The legal battle over an ethnic-studies program at Tucson’s largest school district resumed in court Monday, seven years after an Arizona law went into effect, leading to its demise.
U.S. Circuit Judge A. Wallace Tashima is overseeing the bench trial in Tucson at the U.S. District Court in Arizona.
At issue is whether state officials had discriminatory intent in enacting and enforcing the 2010 law that bans ethnic-studies programs that promote the overthrow of the federal government, resentment toward a race or class of people, advocate for ethnic solidarity and are designed primarily for pupils of a particular ethnic group.
The legal challenge to have the law thrown out was originally brought by a group of independent Tucson Unified School District educators and students who argued that the law violated their constitutional rights.
Tashima dismissed the claims in 2013 before the case was remanded by a federal appeals court in 2015.
TUSD’s Mexican American Studies program was found by the Arizona Department of Education — then run by Superintendent John Huppenthal — to have violated the law and shut down. Books were physically removed from classrooms in January 2011.
In opening statements at the trial, plaintiffs’ attorneys argued Tom Horne, a former state schools chief who was later elected state attorney general in 2010, and Huppenthal, a former state senator who was instrumental in crafting the law and succeeded Horne as superintendent, used the issue for political gain and wrongfully targeted a successful cultural program that boosted Latino students’ achievement.
Both politicians had specifically taken issue with the TUSD program and have been vocal about their concerns.
“It is essentially undisputed that Mexican American Studies was specifically targeted by the state of Arizona for elimination,” Jim Quinn, an attorney for the plaintiffs, said.
Rob Ellman, the defendants’ attorney, said TUSD’s program demonstrated “ethnic chauvinism” and taught students to hate Caucasians.
He described it as “politicized, biased and propagandist” and pointed out that many of the instructional materials used in the program depicted Latinos as victims. The pedagogical concerns were valid, he added.

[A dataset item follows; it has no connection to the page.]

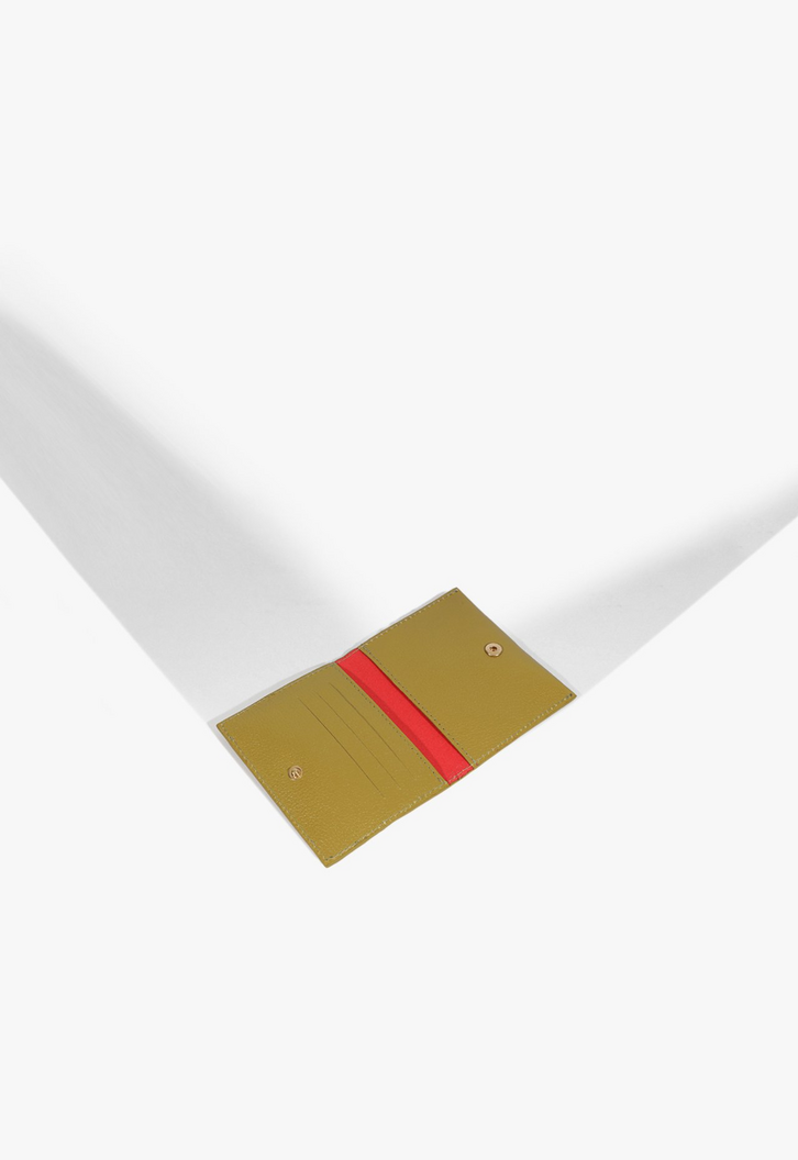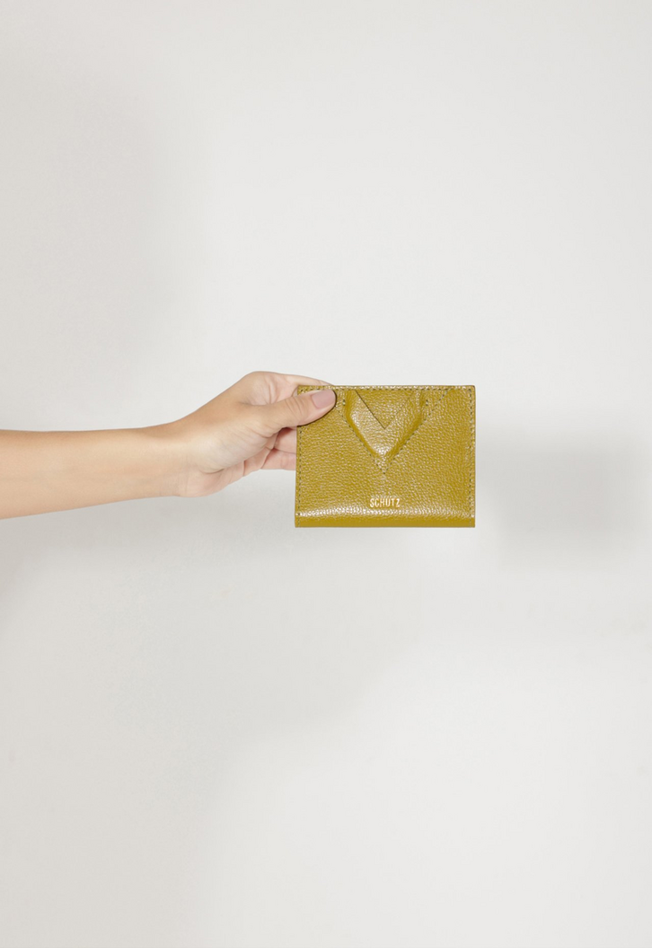 Com fechamento por botões de pressão e práticos compartimentos para levar cartões, dinheiro e documentos, este porta-cartões verde-pistache em couro supermacio se destaca por seu design compacto e sofisticado, ideal para te acompanhar onde for. Aposte!

Ellman told the judge the defense would bring forward Horne’s and Huppenthal’s colleagues, who can testify that both men are not racist.
Huppenthal previously received national attention after he was found to have posted anonymous comments on blogs calling welfare recipients “lazy pigs” and saying that in America, English should be spoken exclusively.
Ellman defended that by saying, “It’s a pedagogical view.”
Questioning of witnesses from both the plaintiffs’ and defendants’ attorneys included explorations of everything from an outside audit of the program that showed no violations of the law to Shakespearean allegory to rap rhymes composed by a Tucson High teacher to Benjamin Franklin’s philosophy on race and slavery.
Huppenthal appeared in court Monday to testify and said it isn’t helpful for students to believe they are oppressed: “There’s odds against everybody.” He frequently pointed to his former senior staffers as having known more about the process of investigating TUSD’s compliance with the ethnic-studies law.
Curtis Acosta, a Tucson High Magnet School teacher who taught Latino literature classes and whose class Huppenthal visited, and Maya Arce, a Tucson High graduate and daughter of one of the founders of the Mexican American Studies program, also testified.
Acosta told the court that he wanted to include material that reflected students’ or their families’ lives so they could be more engaged.
When students are more engaged, they perform better in school and results were showing that, he added.
Ellman, the defense attorney, repeatedly questioned him on the instructional material Acosta used in his classes, which included a speech by Che Guevara, an Argentine Marxist revolutionary; “The Devil’s Highway,” a tale detailing the journey of 26 men who crossed the U.S.-Mexico border to Arizona; and the Shakespearean classic, “The Tempest.”
He questioned whether those reading materials used in class led the students to believe they were oppressed by white people and built resentment toward them.
Huppenthal will continue his testimony Tuesday morning. The first portion of the trial continues until Friday, and a second week of trial is scheduled to take place in mid-July.